(Saved entries)

╔══

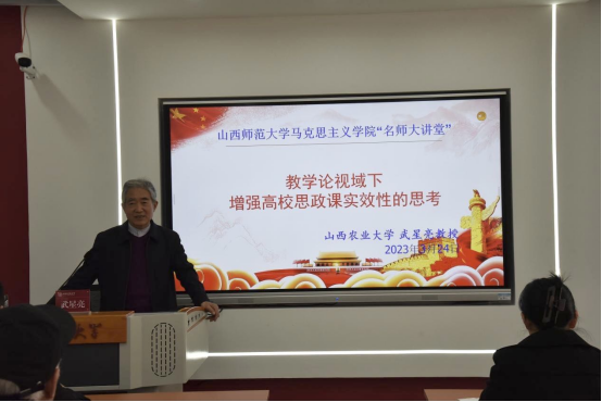 3月24日下午,全国优秀教师、首届全国高等学校优秀思政课教师一等奖教金获得者、山西农业大学武星亮教授应邀为新葡官网全体思政课教师作报告,报告会在南区8号楼418会议室举行,由副院长赵改萍主持,全体思政课教师聆听了报告。
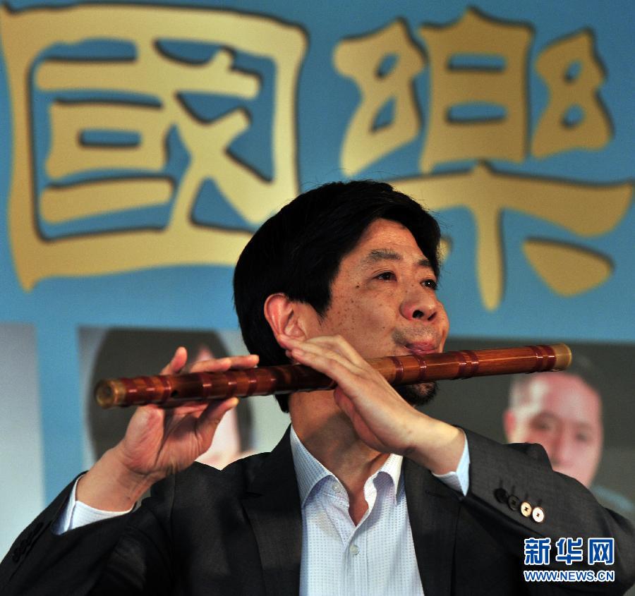 12月16日,笛子演奏家王次恒表演民族乐剧《印象·国乐》选段。新华社发(吴景腾 摄)
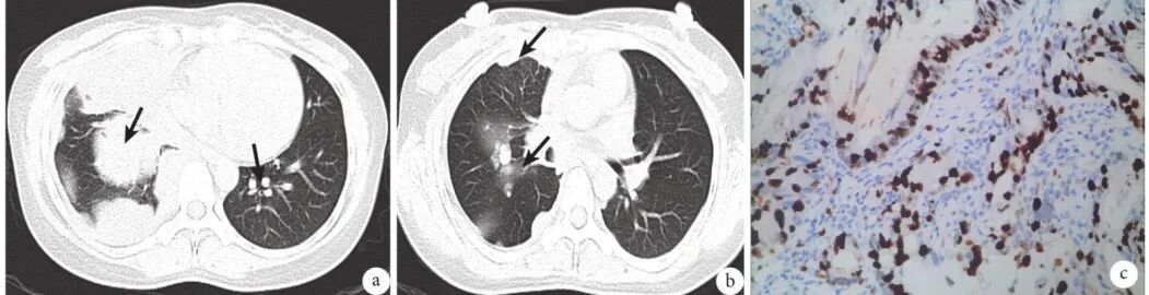 a:该结节(箭头)长4.61 cm×4.81 cm,有明显的分叶、毛刺和血管集束征,CTR>50%,伴有多发胸膜转移,组织病理学证实为IAC,Ⅳ期;b:Ki-67表达50%(×200);CTR:实性成分比例;IAC:浸润性腺癌
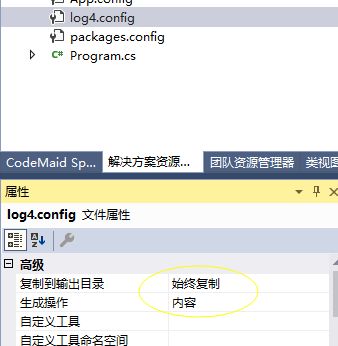 當(dāng)我們在項(xiàng)目里添加nuget包時(shí),查看輸出窗口,可以看到我們的ps1腳本被自動執(zhí)行了,它修改了log4.config的文件屬性,它讓具有“始終復(fù)制”到輸出目錄的屬性!
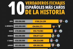 計算通脹后西班牙球員轉(zhuǎn)會費排行:
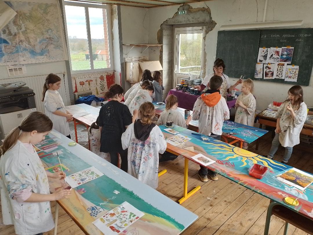 “Le premier matin, Guénola est arrivée avec tous ses matériaux et les planches en bois, Puis certains élèves de maternelle/CP ont peint le fond, d’autres ont peint les arbres, Les CE/CM , en groupes, ont peint : des monuments, des personnages, et des villes, Ensuite nous avons peint les détails.
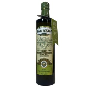 Oliwa z oliwek Extra Virgin CASTELLO DI RESULTANO 750ml Barbera to wyrafinowany produkt sycylijskiego kunsztu, pochodzący z renomowanego regionu DOP Val di Mazara. Tłoczona na zimno z najlepszych oliwek, zachwyca intensywnym aromatem, owocową nutą i wyważoną goryczką.
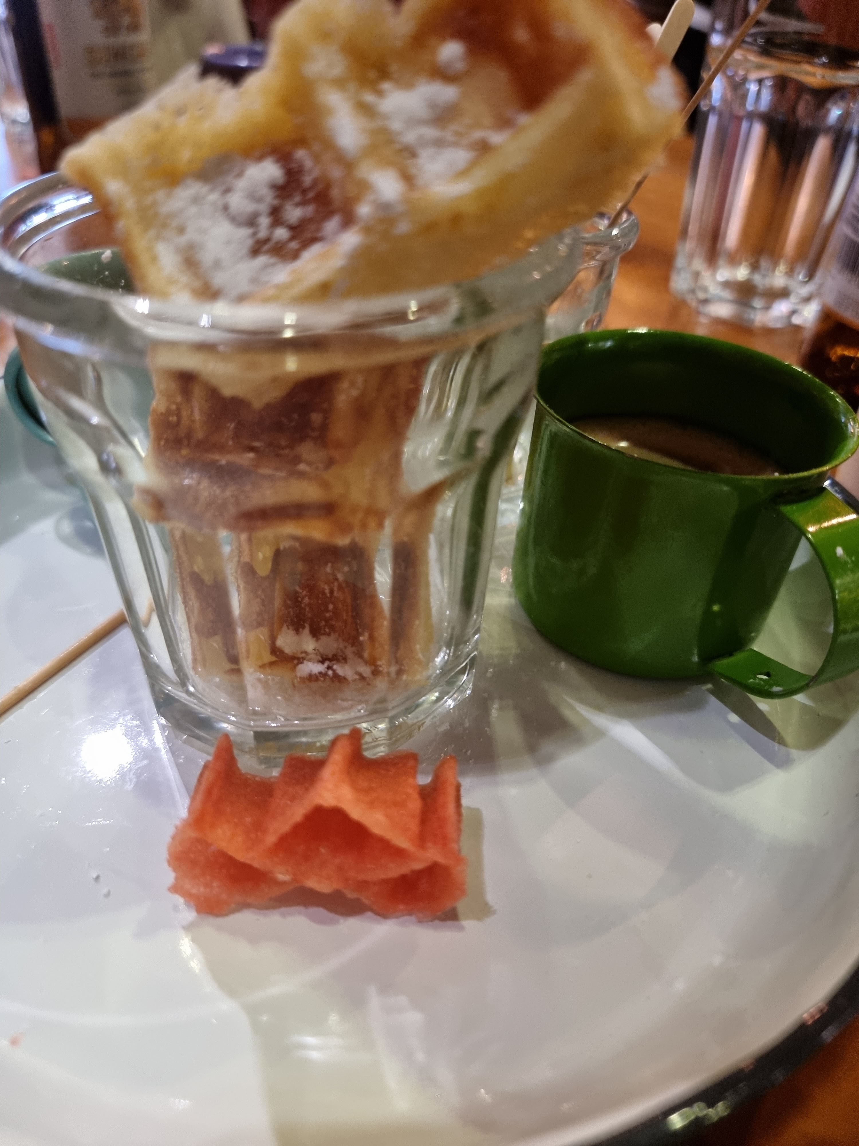Toujours très bon. Vérifiez bien votre note. La serveuse qui nous amenait à boire à mis 4 boissons au lieu de 2 et 3 infusions au lieu de 2. Très curieuses erreurs vu qu'on était 2.
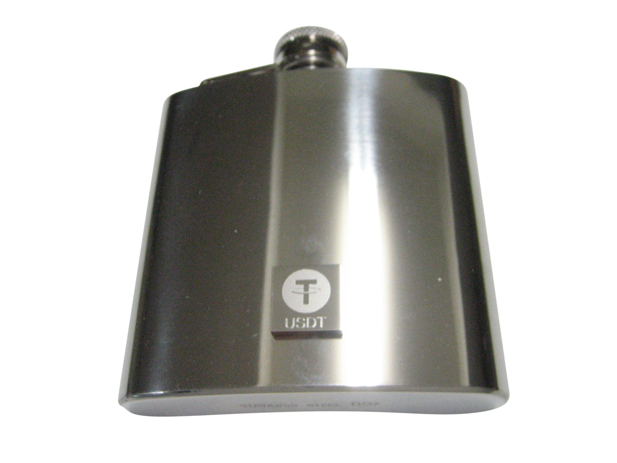 Silver Toned Square Etched Tether Stable Coin USDT Cryptocurrency Blockchain 6oz Flask

╚══

» Problem description
Reproduce word for word the lines from the line with "Oliwa z oliwek" to the end of the entries above, both included, but leave the pictures out.

» Task solution
 Oliwa z oliwek Extra Virgin CASTELLO DI RESULTANO 750ml Barbera to wyrafinowany produkt sycylijskiego kunsztu, pochodzący z renomowanego regionu DOP Val di Mazara. Tłoczona na zimno z najlepszych oliwek, zachwyca intensywnym aromatem, owocową nutą i wyważoną goryczką.
Toujours très bon. Vérifiez bien votre note. La serveuse qui nous amenait à boire à mis 4 boissons au lieu de 2 et 3 infusions au lieu de 2. Très curieuses erreurs vu qu'on était 2.
 Silver Toned Square Etched Tether Stable Coin USDT Cryptocurrency Blockchain 6oz Flask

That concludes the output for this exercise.